By | Published on Wednesday 30 September 2015

Eurovision Song Contest

It is definitely true that the selection process for the British entry to the Eurovision Song Contest has been lacking somewhat in recent years. But there’s a plan to turn it all around. I’m not sure it’s a good plan, but that’s just the way with plans, isn’t it? Anyway, it’s all going back to a public vote.

You can see why the BBC might think a public vote is a good thing. After all, the Great British public selected our last winner, Katrina And The Waves’ ‘Love Shine A Light’, in 1997. But then the last time they were allowed to select the song, in 2008, they went for ‘Even If’ by Andy Abraham, which went on to come last. The year before that they chose ‘Flying The Flag (For You)’ by Scooch, which came second to last.

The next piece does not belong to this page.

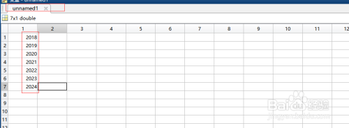 新建的X数据如下图,此时变量默认为unnamed(未定名);

Basically what I’m saying is, the public can’t be trusted. They are idiots. Awful, awful idiots who should never be asked for an opinion on anything. Even if they’re given a selection of nothing but A-grade, world-beating songs, they’ll still almost certainly manage to choose something awful that no one realised was there.

And anyway, it seems unlikely that the public will be choosing from such a prime line of new music. Especially if the people doing the behind-the-scenes shortlisting are the same people who have picked such awful songs as British entrants in recent years. What will probably happen is that the public will end up choosing the absolute worst song from a box someone pulled out of a bin.

Graham Norton’s excited though. “I think it really shows that they take the competition seriously and the fact that the public will get the final say on who is sent to represent the UK in Stockholm next year is the icing on the cake!”

Well, that’s fine for him to say, isn’t it? Of course, the return to a public vote means more telly time for Eurovision, so more too for Norton, and therefore more fees for him. So he might be biased. Meanwhile, the rest of us will have to tolerate the inevitable embarrassment all this will result in without payment. Actually, it’ll cost us money through the licence fee. Won’t someone think of the children?

Anyway, Morrissey said he’ll do it. Why haven’t we just asked Morrissey?